From the first comment to this answer, it seems important to know the following generalization: Let $n\ge 2$ be integer. Which is the probability $P(n)$ for the event, that in an $n$-step trial there is at least one occurence of the sum $6$ (probability for it in one step being $p_6=5/36$), and at least one of the sum $7$ (probability for it in one step being $p_7=6/36$).

(Since in the comment box there is not so much space, i will do it here.)

It is simplest to compute the complementary probability $1-P(n)$. Let $A_6(n)$, resp. $A_7(n)$ be the event that the sum $6$, resp. $7$ does not show in $n$ trials.
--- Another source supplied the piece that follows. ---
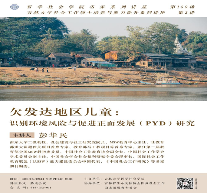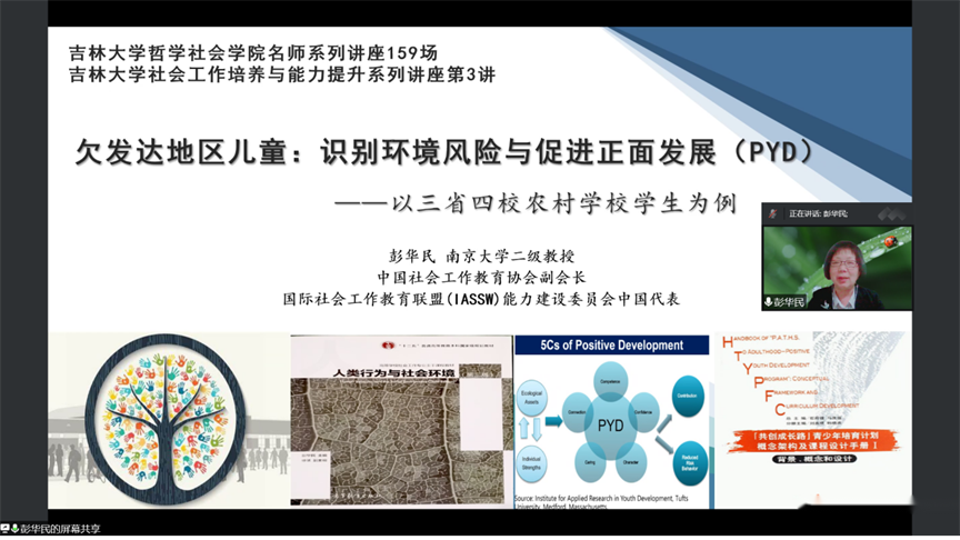 2022年5月26日19时,“BETWAY必威名家系列讲座”第159场,“BETWAY西汉姆联社会工作硕士培养与能力提升系列讲座”第3讲——《欠发达地区儿童:识别环境风险与促进正面发展(PYD)研究》,以线上会议的方式如期举行。该活动的协办单位为吉林省生命关怀协会医务社会工作及志愿服务专业委员会。本次讲座嘉宾是南京大学二级教授、博士生导师、社会建设与社工研究院经理彭华民老师,兼任教育部重大课题攻关项目首席专家、教育部马工程首席专家、第二届教育部全国MSW教指委委员、中国社会工作教育协会副会长、中国社会工作学会学术委员会副主任、中国社会学会社会福利研究专委会理事长、国际社会工作教育联盟(IASSW)能力建设委员会中国代表。本次讲座由副经理芦恒教授主持,经理田毅鹏教授及百余名师生线上参加了此次会议。

Then $$ \begin{aligned} 1-P(n) &= \text{Probability that either $6$, or $7$ does not appear in $n$ steps} \\ &= \text{Probability}(A_6(n)\cup A_7(n)) \\ &= \text{Probability}(A_6(n)) + \text{Probability}(A_7(n)) - \text{Probability}(A_6(n)\cap A_7(n)) \\ &=(1-p_6)^n+(1-p_7)^n-(1-p_6-p_7)^n\ . \\[3mm] &\text{So:} \\ P(n) &= 1-(1-p_6)^n-(1-p_7)^n+(1-p_6-p_7)^n\ . \end{aligned} $$

Answer 3

Let's say you want at least one each of the sums $m$ and $n$ with $m\ne n$. Let's say the respective probabilities of sum $m$ and sum $n$ on a roll of two dice are $p_m$ and $p_n$.

Case 1: Get $m$ twice and $n$ once in some order. Probability is $3p_m^2p_n$.

Case 2: Get $m$ once and $n$ twice in some order. Probability is $3p_mp_n^2$.

Case 3: Get $m$ once and $n$ once and some different value once. Probability is $6p_mp_n(1-p_m-p_n)$.

Add these up to get your total probability.